Single-crystal ZnSe was produced by the following procedure. Preliminarily 
grown polycrystalline ZnSe having a constant-diameter portion longer than 
about 5 mm and a taper portion was placed as a seed on the bottom of the 
crucible and the starting material was put on top of it. The crucible was 
mounted on the shaft in the VB furnace and placed in position. After 
nitrogen purge, the furnace was supplied with nitrogen to a pressure of 30 
kgf/cm.sup.2 (nitrogen may be replaced by another inert gas). The 
temperature in the furnace was raised to 1,550.degree. C. (maximum design 
temperature), which was maintained for 5 hours to melt the starting 
material and part of the seed (extending to about 5 mm below the top end 
of the constant-diameter portion) in the crucible. Thereafter, the 
crucible was lowered at a rate of 3-5 mm/h to achieve crystal growth on 
top of the seed. The thermal gradient near the melting point of ZnSe was 
about 22.degree. C./cm. When all of the molten starting material fully 
solidified, the movement of the crucible was stopped and the temperature 
in the crucible was lowered to room temperature for crystal recovery. As a 
result, a twin-free ZnSe single crystal was obtained on the seed. It had a 
diameter of about 28 mm and a length of about 15 mm. 
EXAMPLE 2 
The procedure of Example 1 was repeated except that the seed was a ZnSe 
crystal solely composed of twins. The seed was converted to a 
polycrystalline form, on top of which a twin-free ZnSe single crystal 
could be grown. The diameter and length of the single crystal were about 
28 mm and 15 mm, respectively. 
EXAMPLE 3 
A crucible of the same type as used in Example 1 was charged with the same 
starting material as used in Example 1. The crucible was mounted on the 
shaft in a VB furnace of the same model as used in Example 1 and placed in 
position. 
After nitrogen purge, the furnace was supplied with nitrogen to a pressure 
of 30 kgf/cm.sup.2 (nitrogen may be replaced by another inert gas). The 
temperature in the furnace was raised to 1,630.degree. C. (maximum design 
temperature), which was maintained for 5 hours to melt the starting 
material in the crucible. Thereafter, the crucible was lowered at a 
comparative fast rate higher than 20 mm/cm to achieve polycrystalline 
growth solely at the tip of the growing crystal. When a polycrystal having 
a constant-diameter portion about 5 mm long had grown, the growth process 
was stopped and part of the polycrystal (extending to about 5 mm below the 
top end of the constant-diameter portion)was melted again; subsequently, 
the crucible was lowered at a rate of 3-5 mm/h for single-crystal growth. 

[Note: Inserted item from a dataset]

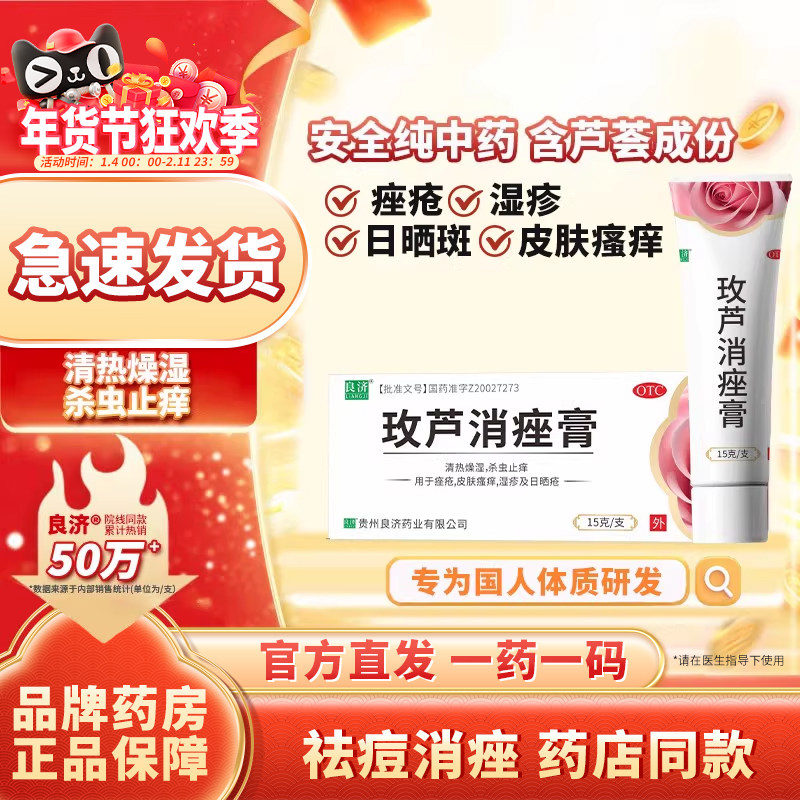 【良济】玫芦消痤膏15g痤疮祛痘药膏纯中成药青春痘植物保湿敏感

The thermal gradient near the melting point of ZnSe was about 42.degree. 
C./cm. When all of the molten starting material fully solidified, the 
movement of the crucible was stopped and the temperature in the crucible 
was lowered to room temperature for crystal recovery. As a result, a 
twin-free ZnSe single-crystal was obtained on the polycrystalline tip. It 
had a diameter of about 20 mm and length of about 10 mm. 

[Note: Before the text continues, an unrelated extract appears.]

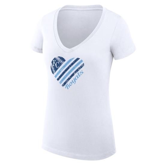カンザスシティ・ロイヤルズ G-III 4Her by カール バンクス レディース Super-スリムフィット 軽量 ハート Vネック Tシャツ - ホワイトは、メジャーリーグ公認のMLBグッズです。

As will be obvious to the skilled artisan, the process of the present 
invention is applicable even if a VGF furnace is substituted for the VB 
furnace used in Examples 1-3 and similar results are obtained. 
Comparative Example 
As typically shown in J. Cryst. Growth, 75 (1986) 609-612, the crystal 
produced by the ordinary high-pressure melt process using no seeds has in 
all cases a number of twins in the direction [111]. 

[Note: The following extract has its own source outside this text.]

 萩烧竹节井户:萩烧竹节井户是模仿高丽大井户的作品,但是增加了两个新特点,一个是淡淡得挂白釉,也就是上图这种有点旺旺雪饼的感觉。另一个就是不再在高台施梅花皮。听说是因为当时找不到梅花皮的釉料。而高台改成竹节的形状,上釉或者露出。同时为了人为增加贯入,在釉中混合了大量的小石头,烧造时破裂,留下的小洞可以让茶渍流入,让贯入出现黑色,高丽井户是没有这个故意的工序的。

In the prior art, twin-free single crystals that are extremely difficult to 
obtain must be used as seeds or it is necessary to add dopants that may 
potentially affect the substrate characteristics and, hence, it has been 
difficult to produce twin-free ZnSe single crystals on an industrial 
scale. In contrast, the process of the present invention is capable of 
producing high-purity and twin-free single-crystal bulk ZnSe with good 
reproducibility using or without using seeds that comprise either 
polycrystals or crystals solely composed of twins which are easy to grow.